# WHAT YOU NEED TO DO:
Word for word, repeat the lines of the records from the first line up to and including the line that contains "I spent a night", passing over any pictures.
*-*-*
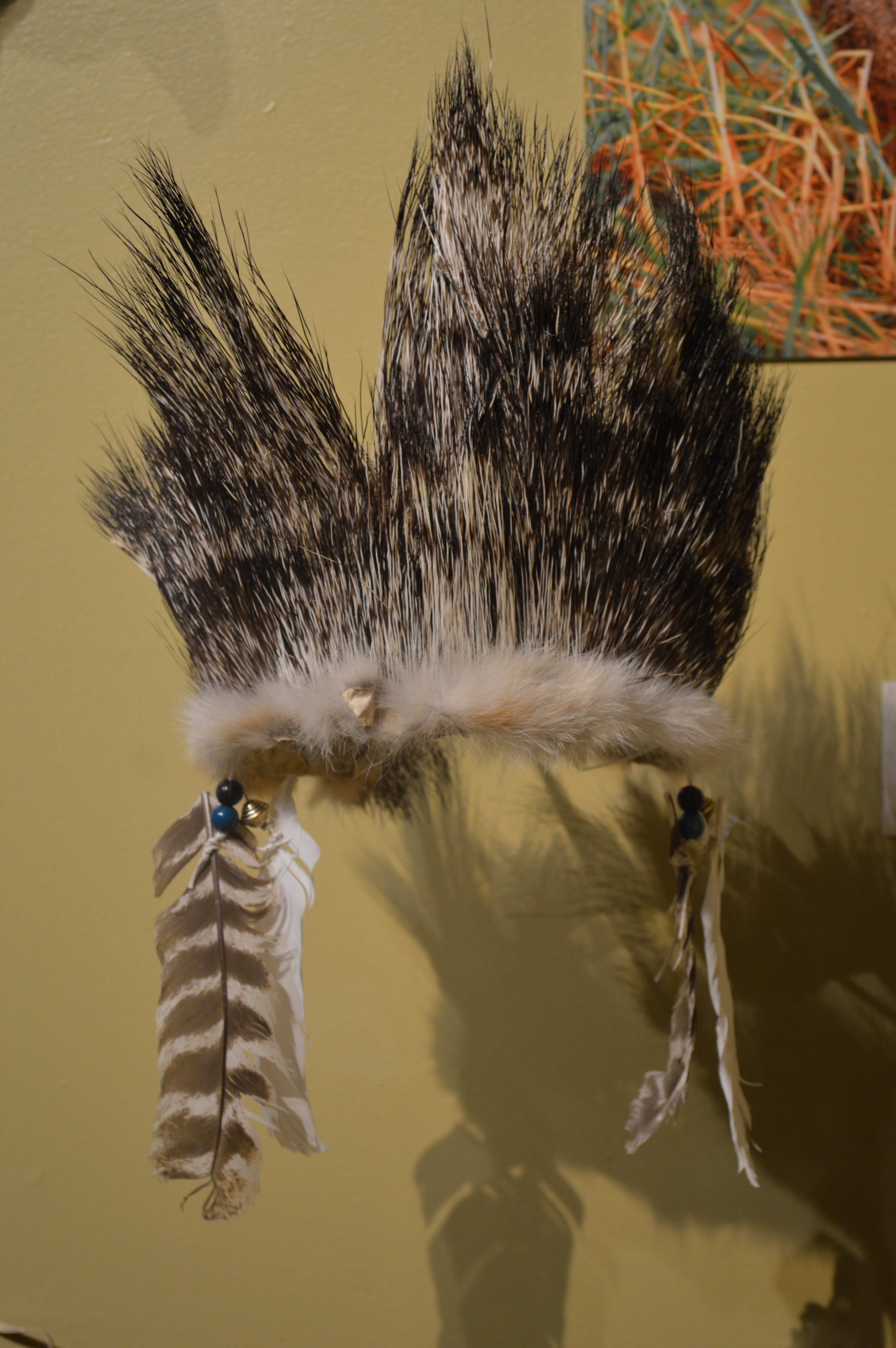 Porcupine headress from Sonora at the El Norte, su materia, su artesania exhibition at the Museo de Arte Popular in Mexico City
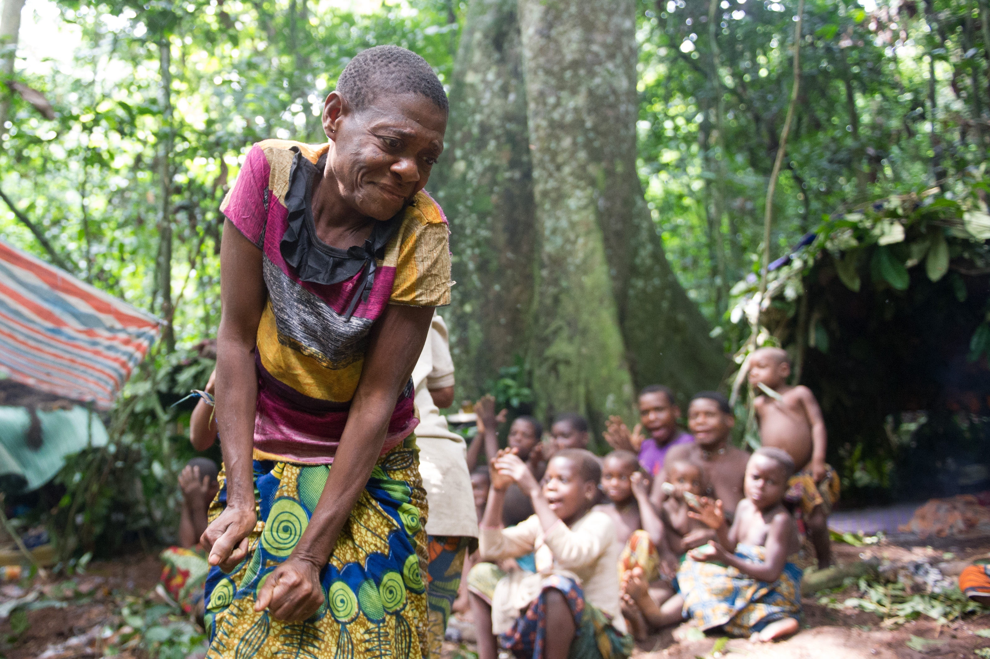 I spent a night in the forest with about 30 BaAka people in southern Central African Republic -- they are known for their awesome music, which was going on in the background This is an image of Cultural Fashion or Adornment from Central African Republic
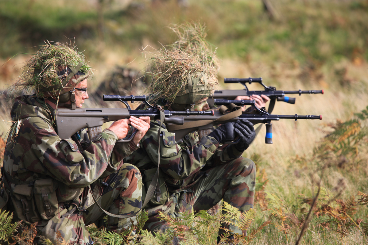 RDF Assessement Training Ex in Glen of Imal including avisit to troops by Maj Gen Ralph James DCOS ops
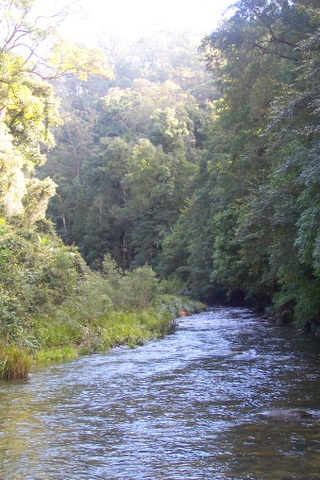 Wilson River, NSW taken from road bridge
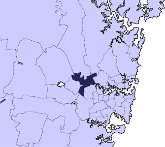 Locator Map Parramatta lga sydney.png Based on Image:Ku-ring-gai sydney.png by User:Randwicked.
*-*-*
# THE ANSWER:
 Porcupine headress from Sonora at the El Norte, su materia, su artesania exhibition at the Museo de Arte Popular in Mexico City
 I spent a night in the forest with about 30 BaAka people in southern Central African Republic -- they are known for their awesome music, which was going on in the background This is an image of Cultural Fashion or Adornment from Central African Republic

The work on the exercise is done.